The coaches were two masters level social workers and two Ph.D. level psychologists. Coaches spoke weekly by telephone with participants and were available by email. Participants received an initial “engagement session,” lasting 30–45 minutes, to establish a bond, convey benevolence and expertise, and discuss treatment expectations. Subsequent conversations with the coach were intended to be 5–10 minutes in length. Participants were also permitted to email their coaches with questions during the week.

All coaching sessions were audiotaped. Coaches received an initial half-day training and group supervision, which was initially weekly, dropping in frequency as mastery was established

Wait-List Control participants were not provided any intervention for 6 weeks, after which they were allowed to choose coached or self-directed moodManager. The WLC condition was intended to verify that the coached and self-directed conditions had an effect on depressive symptoms. As in all conditions, participants in the WLC received other forms of care from their primary care physician, which generally include consultation and pharmacotherapy.
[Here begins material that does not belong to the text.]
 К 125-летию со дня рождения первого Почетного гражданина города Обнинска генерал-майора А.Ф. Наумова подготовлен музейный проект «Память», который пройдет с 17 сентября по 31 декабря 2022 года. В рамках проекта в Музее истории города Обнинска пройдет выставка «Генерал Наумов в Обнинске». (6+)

Personal Health Questionnaire (PHQ-9).

The PHQ-9 [20] was the primary outcome measure. This is a 9-item self-report measure of depressive symptoms that closely matches the DSM-IV criteria for major depressive episode (MDE) and was administered online at all time points.
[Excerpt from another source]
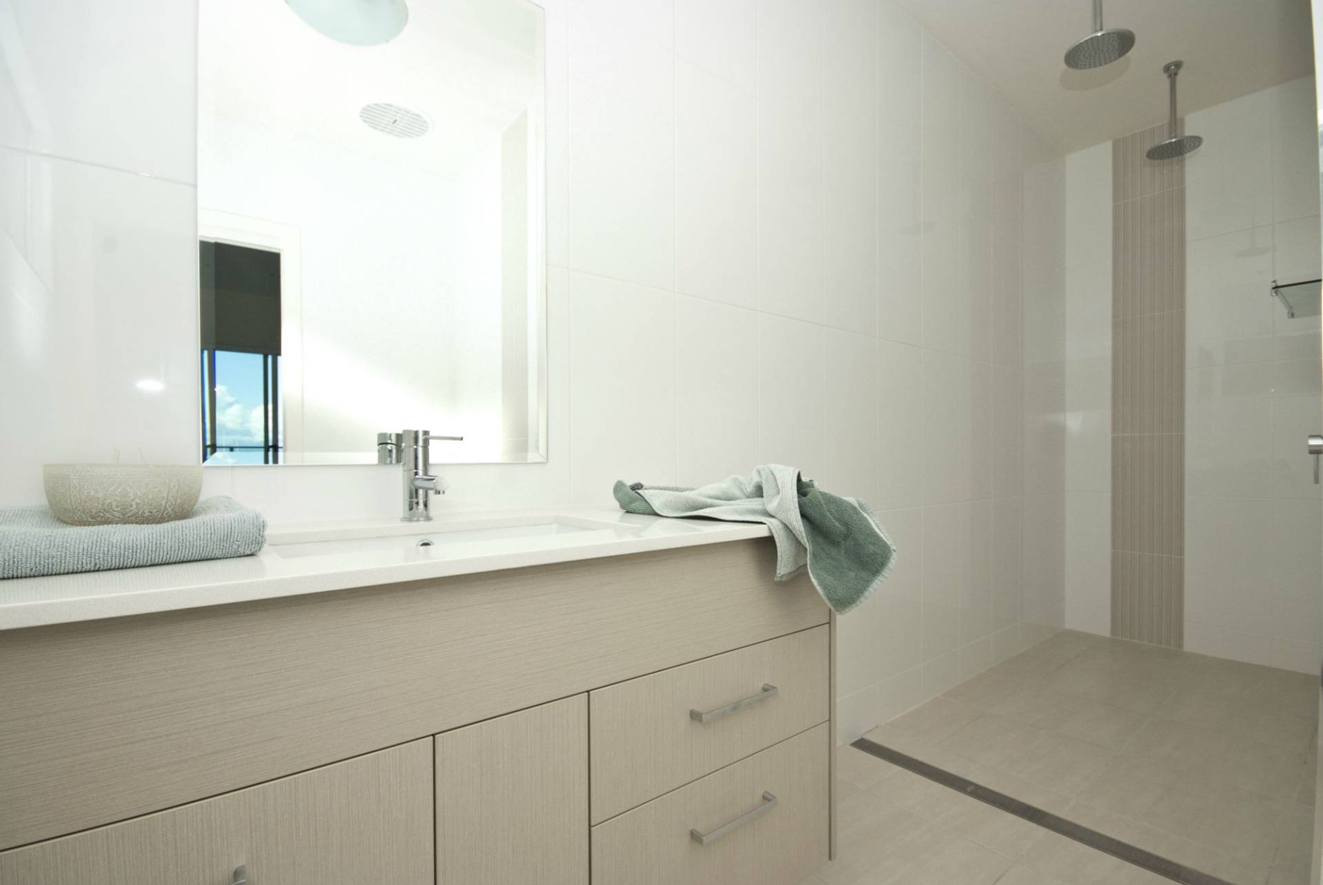* The spacious master bedroom suite also opens onto the deck and enjoys stunning water views. The well-appointed ensuite bathroom features a large walk-in shower with double rainhead shower and the walk-in-wardrobe will be appreciated by all

Mini International Neuropsychiatric Interview (MINI).

The MINI [17] is a structured interview to evaluate DSM-IV Axis I disorders, including Major Depressive Episode (MDE), as well as most other common diagnoses. The full MINI was administered by telephone at screening, but only the MDE section was administered at follow-up telephone evaluations. The telephone interviews were administered and audiotaped by trained clinical evaluators who were blind to the coaching component of the study, site usage and outcome data. Evaluators received extensive training and supervision by a PhD level psychologist (JH) on assessment protocols.
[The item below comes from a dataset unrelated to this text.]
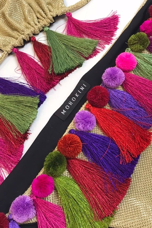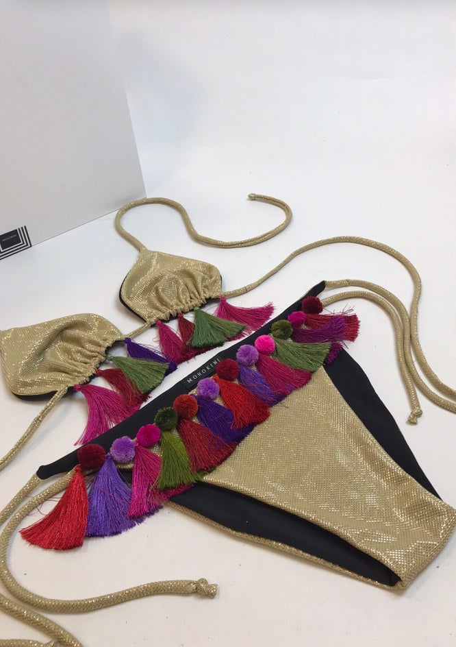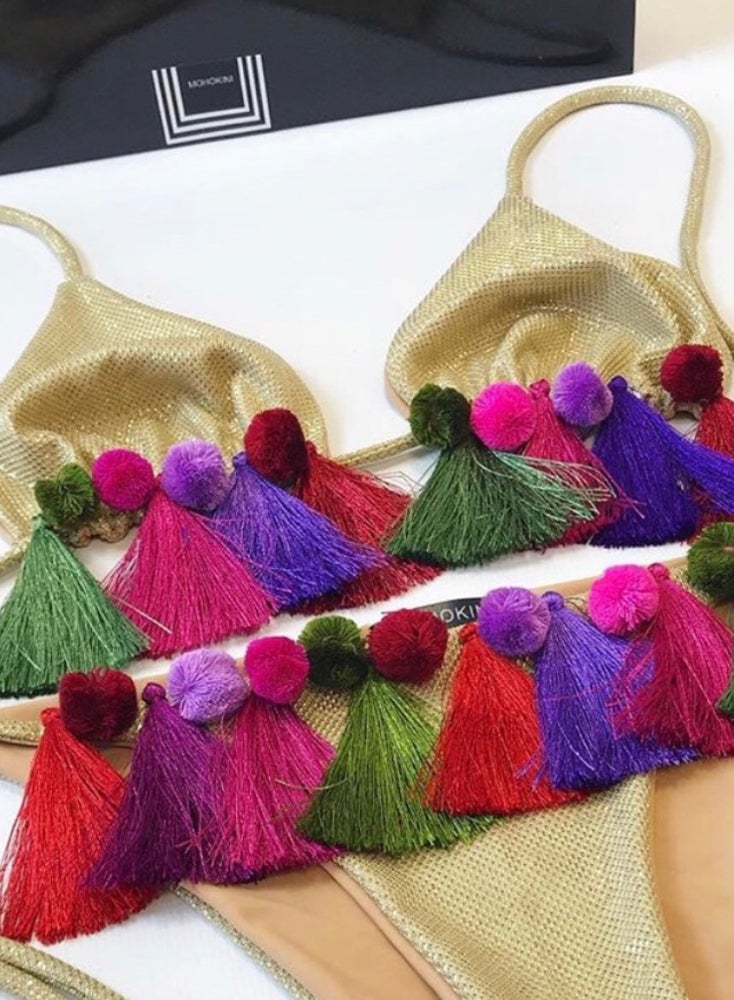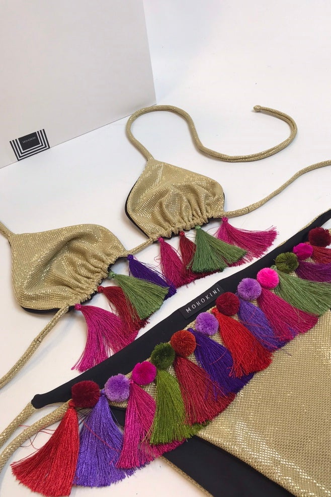 We are just in love with this new bikini! A boho inspired finish featuring premium handmade rainbow silk tassels and pom-poms, all made by the hill-tribe people of the mountains of northern Thailand.

Telephone Interview for Cognitive Status (TICS).

This is a widely used telephone assessment that has demonstrated reliability and validity in identifying dementia resulting from Alzheimer's and stroke [19]. The TICS was administered to screen for dementia prior to enrollment.

Adherence to moodManager.

Patient adherence to moodManager was measured by logins. To prevent artifacts, such as high logins due to connectivity problems, number of days logged in during the study period was used as the primary adherence measure. To evaluate length of engagement, we examined number of days until last login. The intervention components were investigated by examining number of times lessons were viewed, the number of times tools were used, and the number of different types of tools used. Because multiple tools could be used in a single session, all instances of tool use were included in the number of tool uses.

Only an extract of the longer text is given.